La parola ‘prostituta’ – e ancor di più altri sinonimi usati per indicare la donna che vende servizi sessuali – è avvolta da un tale stigma da impedire a chiunque di usarla in maniera neutra. Tanto che si deve far ricorso a neologismi – escort, sex worker, lavoro sessuale – per poter affrontare l’argomento senza tema di risultare offensivi. Ma da dove deriva questo stigma? Dal fatto che le prostitute vendono il proprio corpo come fosse una merce, si dice. Ma l’avvocato non fa forse qualcosa di simile quando vende le proprie competenze ai clienti, non di rado colpevoli? No, il vero scandalo della prostituzione sta nel fatto che si tratta di sesso fuori da legami impegnativi. È questo che la nostra cultura cattolica non tollera.

La parola prostituta viene usata con una tutt’altro che laica connotazione negativa da così tanto tempo, e tuttora da così tanta gente, che la sua funzione derogatoria non può essere facilmente evitata. Anche coloro che vorrebbero con essa designare soltanto e semplicemente una persona che esercita un mestiere, pronunciandola rischiano di risultare spregiativi perché la parola viene comunque compresa come spregiativa. Un problema del genere affligge in diverse misure anche altri termini che designano categorie di persone, come negro, ebreo, lesbica o omosessuale.
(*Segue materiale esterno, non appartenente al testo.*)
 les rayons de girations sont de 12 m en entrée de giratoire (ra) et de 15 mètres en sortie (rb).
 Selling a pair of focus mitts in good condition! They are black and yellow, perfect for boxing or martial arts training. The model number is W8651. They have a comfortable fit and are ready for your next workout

In teoria, prostituta potrebbe non rientrare in quelli che la letteratura anglosassone chiama slurs, distinguendoli dagli insults, perché estendono la denotazione negativa a un’intera categoria. In inglese questi insulti collettivi abbondano in maniera particolare. Ad esempio, nigger designa gli afroamericani aggiungendovi un senso di disprezzo che l’italiano negro per la verità aveva assai meno finché non si è voluto cominciare a considerarlo l’equivalente di nigger. Faggot equivale a finocchio, frocio, checca e simili, mentre dyke significa «lesbica» con marcato disprezzo. Kike significa «ebreo» con forte connotazione derogatoria, e così chink per «cinese», avvicinandosi al modo in cui l’italiano crucco o il francese boche designano spregiativamente i tedeschi. I termini che offendono intere categorie sono molti più di questi in inglese, e ogni lingua ha i suoi, in dipendenza dalle particolari vicende storiche e culturali che ha attraversato. In italiano, ad esempio, per note ragioni di storia recente esiste un termine dispregiativo apposta per chi è di origini meridionali: terrone.
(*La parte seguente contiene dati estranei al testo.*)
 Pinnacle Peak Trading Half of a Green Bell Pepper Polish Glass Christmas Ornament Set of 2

Come fa notare Robin Jeshion1, il potere offensivo di termini di questo genere deriva dall’esistenza di stereotipi che la società ha sviluppato a proposito di intere categorie di persone. L’impiego del termine consente di fare riferimento a quella categoria associandovi lo stereotipo negativo, ed evocando il senso di spiacevolezza che si associa alle sue caratteristiche. Se dico che qualcuno è omosessuale, posso voler menzionare solo una sua precisa caratteristica, senza ammantarla di aspetti spiacevoli o riprovevoli; ma se dico che è una checca, oltre ad affermare che è omosessuale gli attribuisco volontariamente una serie di tratti spiacevoli che un diffuso stereotipo associa agli omosessuali, come l’essere vistosamente effeminato, disgustoso, moralmente colpevole e simili. Chiamare qualcuno terrone, almeno in certi ambienti, differisce dal dire che è meridionale, perché fa intendere che gli si associano caratteristiche tipiche negative o ritenute tali, come l’essere povero, sporco, inaffidabile, o semplicemente un intruso nel nostro territorio, «non-uno-di-noi». Elizabeth Camp2 giustamente sottolinea che gli slurs come minimo segnalano l’aderenza del parlante a una prospettiva che lo distanzia dal gruppo a cui il termine si riferisce.
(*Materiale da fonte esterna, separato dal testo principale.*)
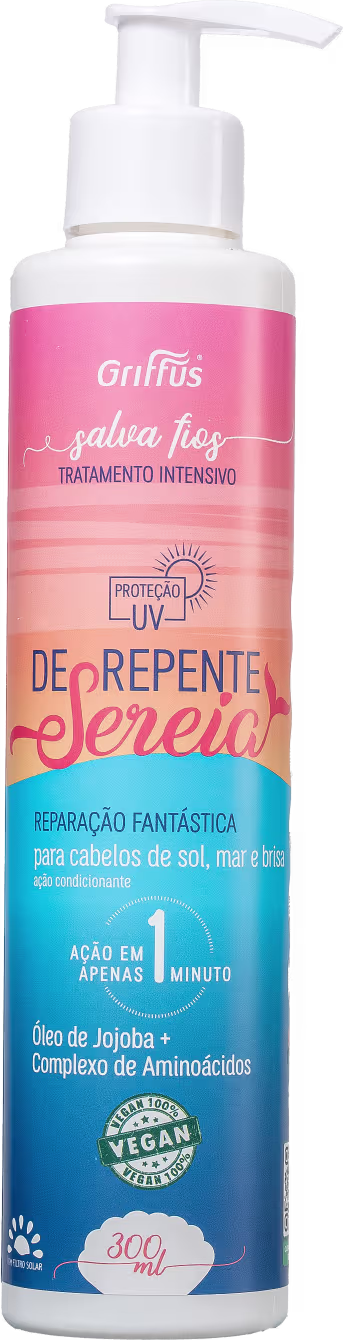 Tratamento para cabelos expostos ao sol, mar e cloro. Griffus De Repente Sereia Tratamento Intensivo repõe a umidade perdida para devolver o brilho e a maciez em apenas 1 minuto.
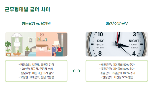 - 방문요양: 시간제 근무이므로 일한 시간만큼 수입이 발생합니다.
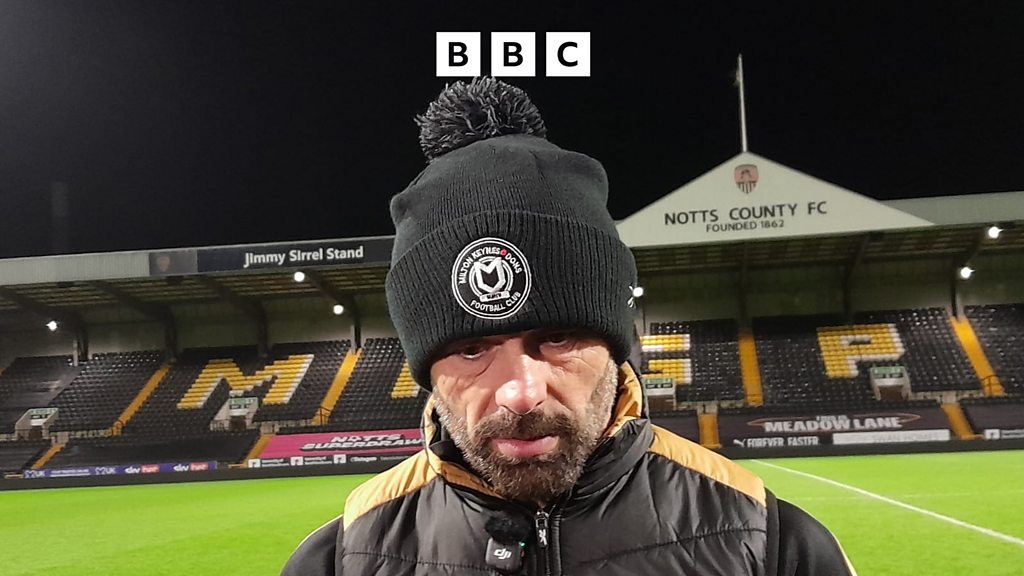 Paul Warne reacts after MK Dons concede late to make it 3-2 against Notts County. Image: BBC
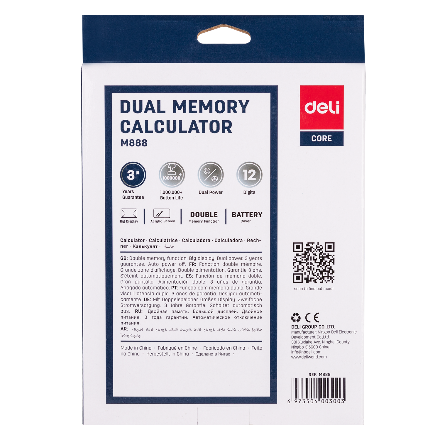 Компания Deli представляет новый настольный калькулятор EM888. Главная отличительная особенность нашего калькулятора — высочайшее качество по уникальной цене. Предлагаем ознакомиться с остальными, не менее важными свойствами.
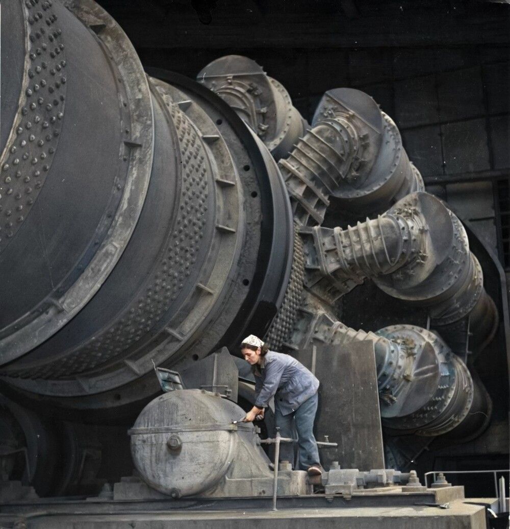 Женщина работает у печи на цементном заводе "Вулкан". Димитровград, Болгария, 1964 год.
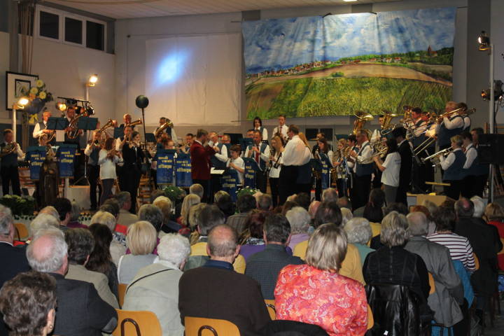 Rund 280 Gäste lauschen dem Konzert zum Auftakt der 50 jährigen Jubiläumsfeier des Musikvereins.
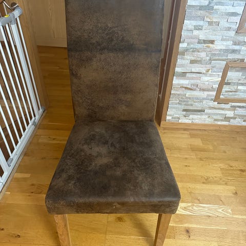 Bordet och stolarna är i bruksskick och någon stol har någon repa , bordet är också i bruksskick

Il termine puttana designa una donna che si prostituisce, associandovi più volontariamente di prostituta un giudizio morale negativo e una certa componente derisoria e di vergogna. In altre parole, prostituta è detto con più serietà, mentre puttana si usa con più effetto in espressioni di dileggio di chi esercita questa professione e, come vedremo fra poco, non solo. Ma anche prostituta non è esente da un alone negativo; ad esempio, non è termine che uno userebbe volentieri se dovesse dire che la propria sorella fa quel lavoro. Per rendersene conto basta considerare come suona diversamente il recente imprestito escort, che è segno dei tempi sia perché viene dall’inglese, sia perché cerca di ovviare alle connotazioni negative di cui stiamo parlando. Ma escort prima di essere reclutato a questo scopo significava qualcosa di diverso dalla prostituta vera e propria, cioè un’accompagnatrice per lo più non disponibile sessualmente. Questo mostra che nella nostra cultura, per consentire di riferirsi a questa attività e a chi la pratica senza automaticamente risultare offensivi o dispregiativi, occorre adoperare una buona dose di eufemismo e rimuovere quanto possibile l’aspetto sessuale della faccenda.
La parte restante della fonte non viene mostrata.